### DATASET EXTRACT

_ _ _ _ _ _ _

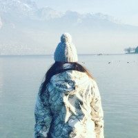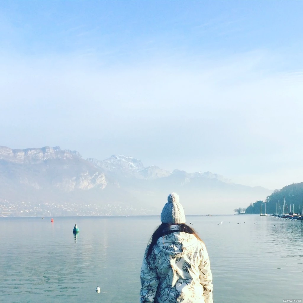 a body of water, looking out towards the horizon. The individual is wearing a jacket and a cap with earflaps, which suggests it might be cold or windy outside. In the background, there are mountains, indicating that this scene may be taking place near
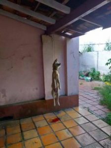 A Polícia Militar de Gaspar foi acionada para uma ocorrência fora dos padrões de atendimento: cachorro enforcado. O animal estava pendurado por uma corda na garagem de uma casa abandonada Rua Arnoldo Koch, bairro Coloninha.
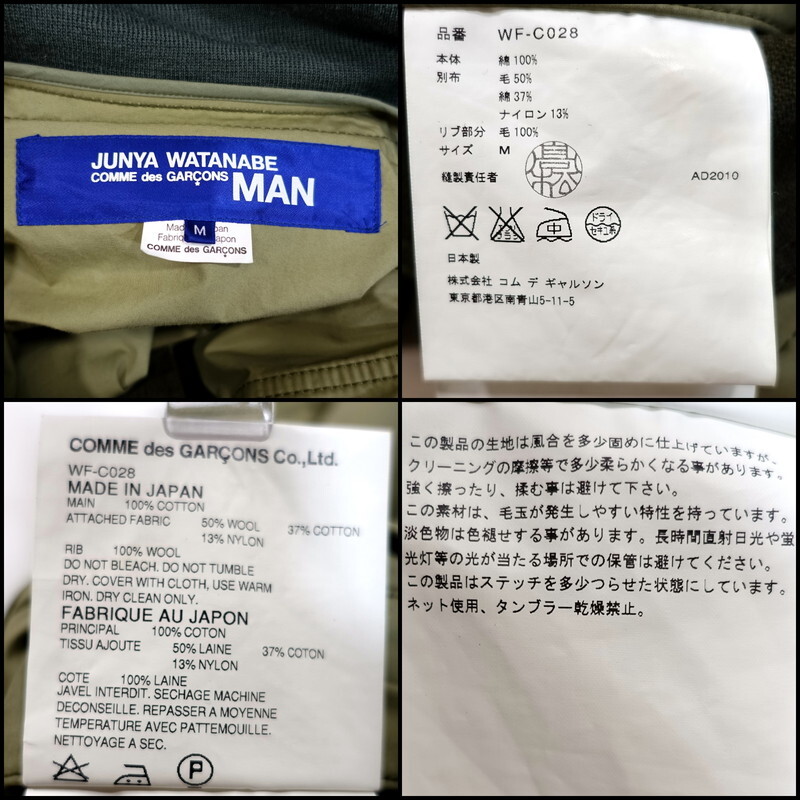 【良品】ジュンヤワタナベマン N-3B コート JUNYA WATANABE MAN comme des garcons サイズM カーキ
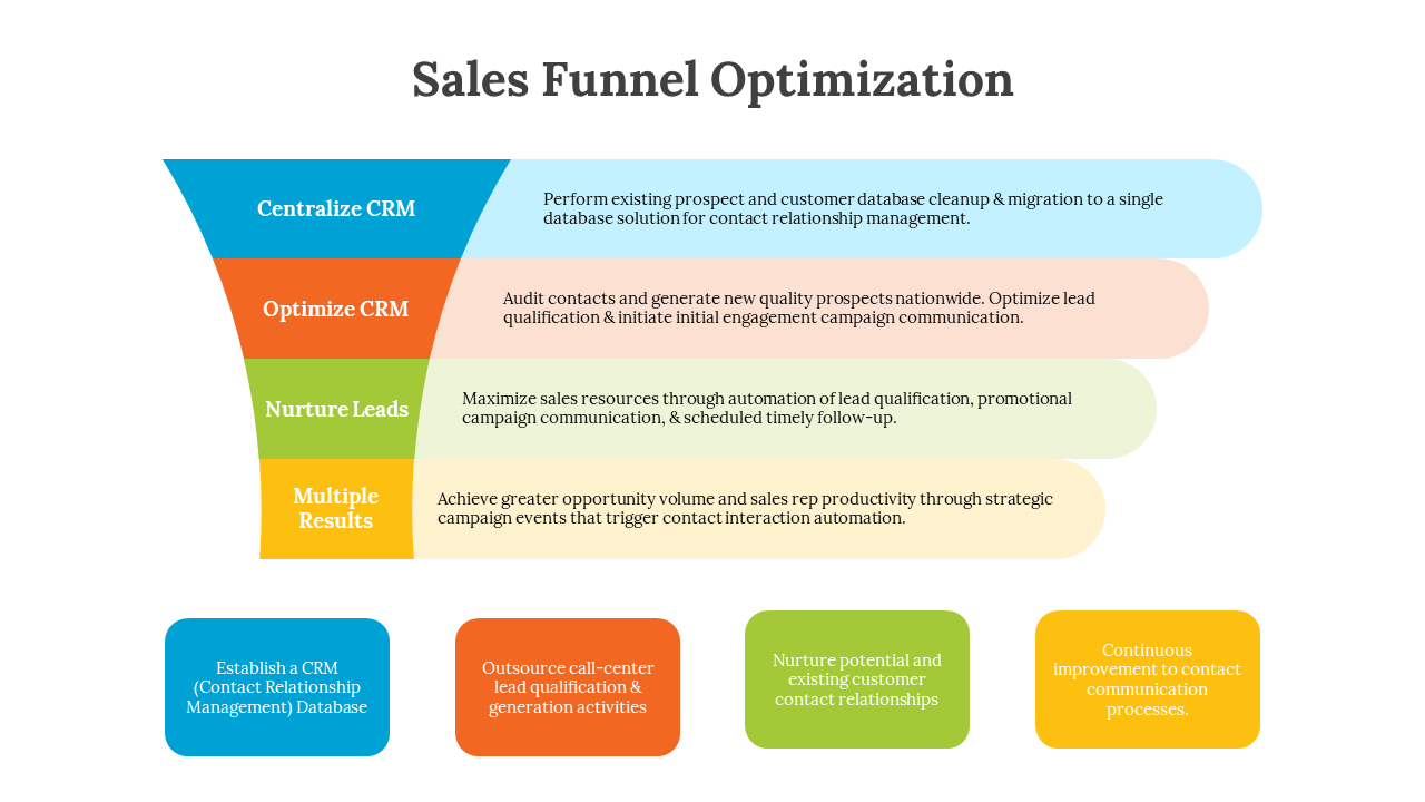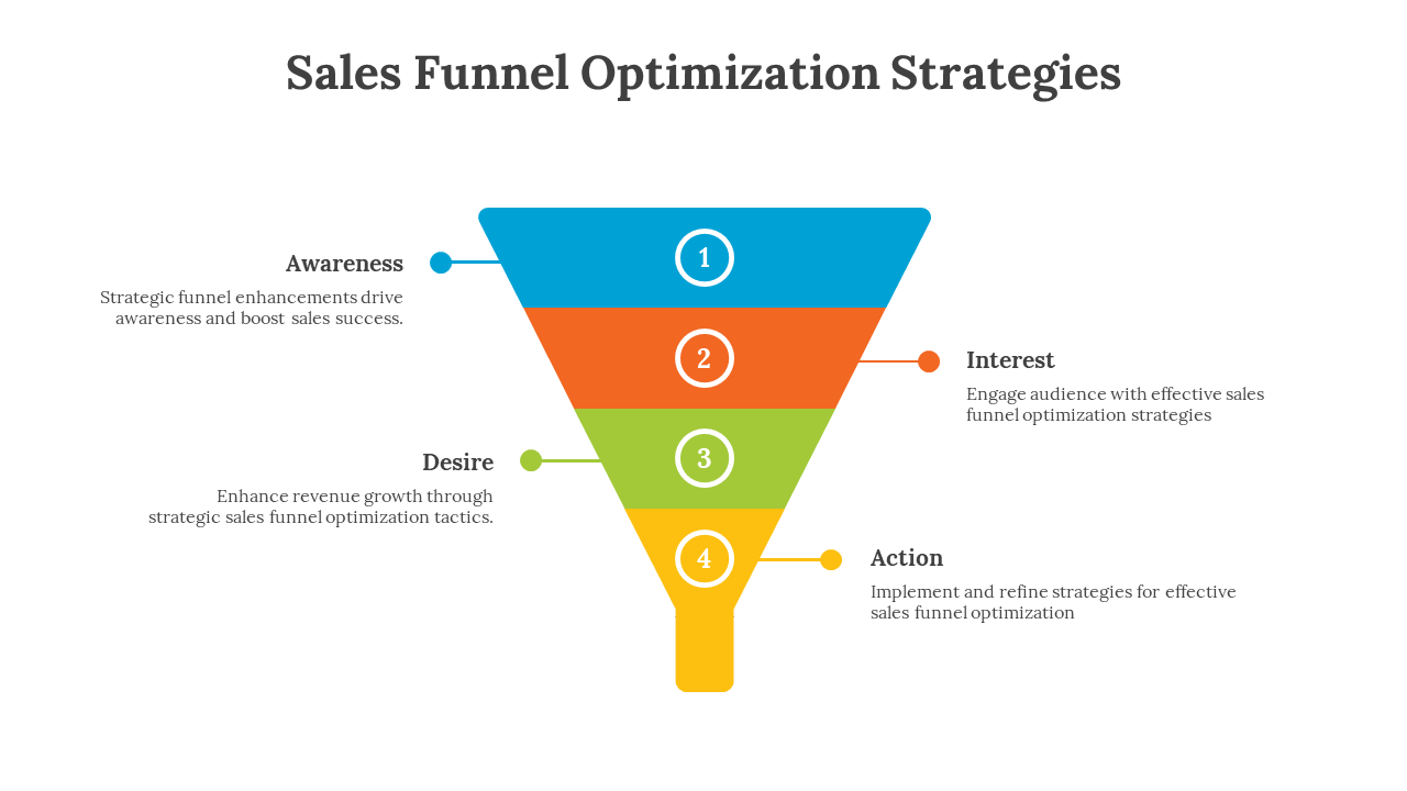 Sales Funnel Optimization, also known as marketing funnel optimization, is a strategic process that maximizes conversions and revenue at every customer journey stage. This concept focuses on understanding the customer's path, from initial awareness to final purchase, refining key touchpoints to enhance effectiveness. By employing data analysis, messaging refinement, and streamlined sales processes, businesses can significantly boost sales efficiency and revenue growth. It's a crucial component of successful sales and marketing strategies, helping adapt to evolving customer behaviors and preferences while achieving revenue goals. Our PowerPoint simplifies crafting engaging presentations on sales funnel optimization strategies, with fully editable slides to illustrate key concepts effectively. Tailor content and design to your needs, ensuring a polished and visually appealing presentation. Use this template to educate your audience, share insights, and inspire action for enhanced sales processes and revenue growth. Explore Sales Funnel Optimization's potential today.

_ _ _ _ _ _ _

Give again the lines of the listing above that run from the one with "A Polícia Militar" up to and including the one with "garcons サイズM カーキ". Keep them exact and omit the pictures.

 A Polícia Militar de Gaspar foi acionada para uma ocorrência fora dos padrões de atendimento: cachorro enforcado. O animal estava pendurado por uma corda na garagem de uma casa abandonada Rua Arnoldo Koch, bairro Coloninha.
 【良品】ジュンヤワタナベマン N-3B コート JUNYA WATANABE MAN comme des garcons サイズM カーキ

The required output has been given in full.